=== Task inputs ===
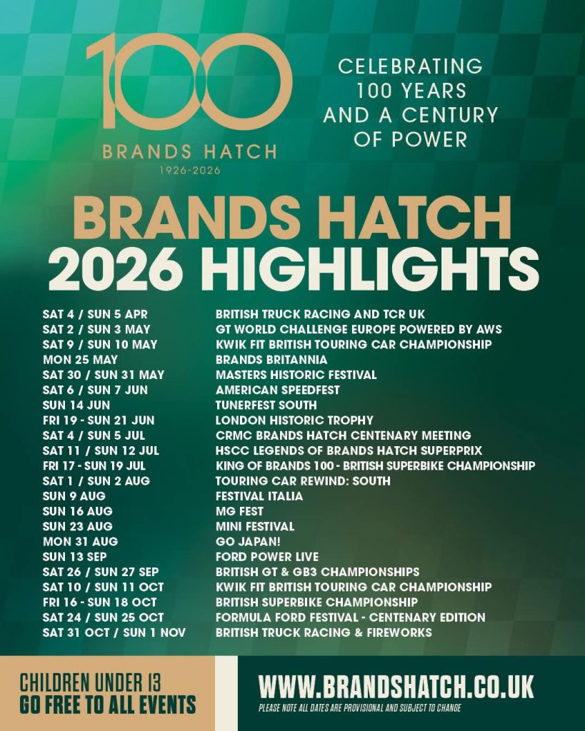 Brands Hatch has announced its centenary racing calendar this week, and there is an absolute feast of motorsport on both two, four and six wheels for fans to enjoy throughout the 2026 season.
===
=== Task inputs ===
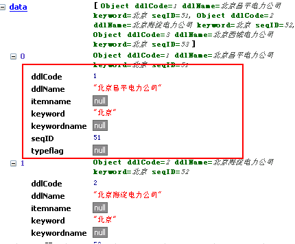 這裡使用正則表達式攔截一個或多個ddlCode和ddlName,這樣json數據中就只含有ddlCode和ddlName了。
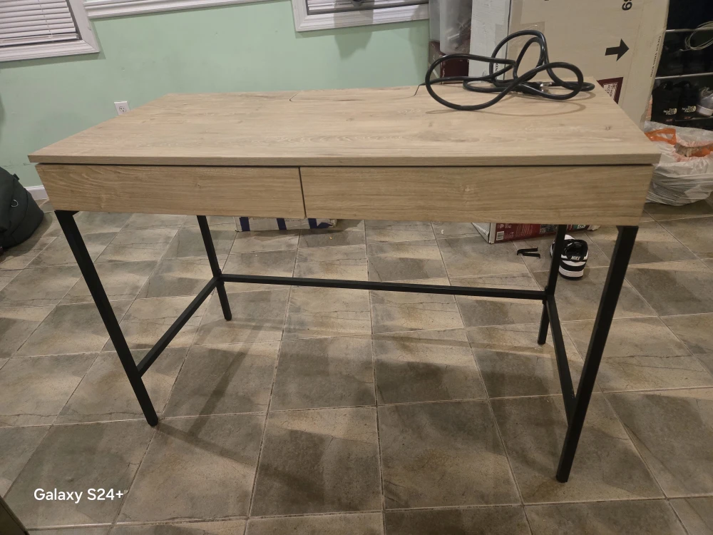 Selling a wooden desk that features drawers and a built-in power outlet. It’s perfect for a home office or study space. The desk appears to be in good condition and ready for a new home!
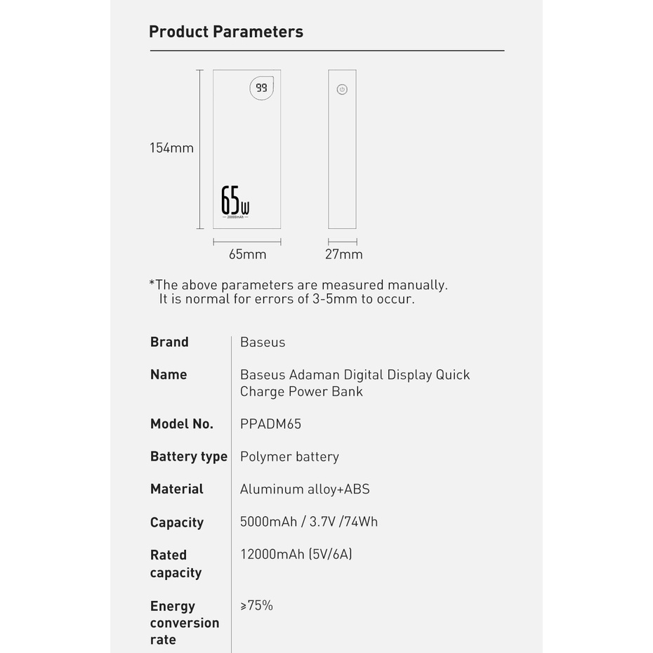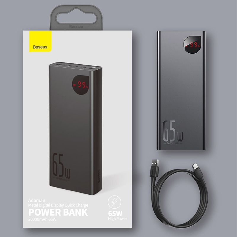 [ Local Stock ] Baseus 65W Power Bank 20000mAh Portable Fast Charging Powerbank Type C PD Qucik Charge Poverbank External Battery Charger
===
## Exercise directions
Which part of the entries opens with the line containing "這裡使用正則表達式攔截一個或" and closes with the line containing "[ Local Stock"? Output that part exactly, ends included, pictures excluded.

## Task solution
 這裡使用正則表達式攔截一個或多個ddlCode和ddlName,這樣json數據中就只含有ddlCode和ddlName了。
 Selling a wooden desk that features drawers and a built-in power outlet. It’s perfect for a home office or study space. The desk appears to be in good condition and ready for a new home!
 [ Local Stock ] Baseus 65W Power Bank 20000mAh Portable Fast Charging Powerbank Type C PD Qucik Charge Poverbank External Battery Charger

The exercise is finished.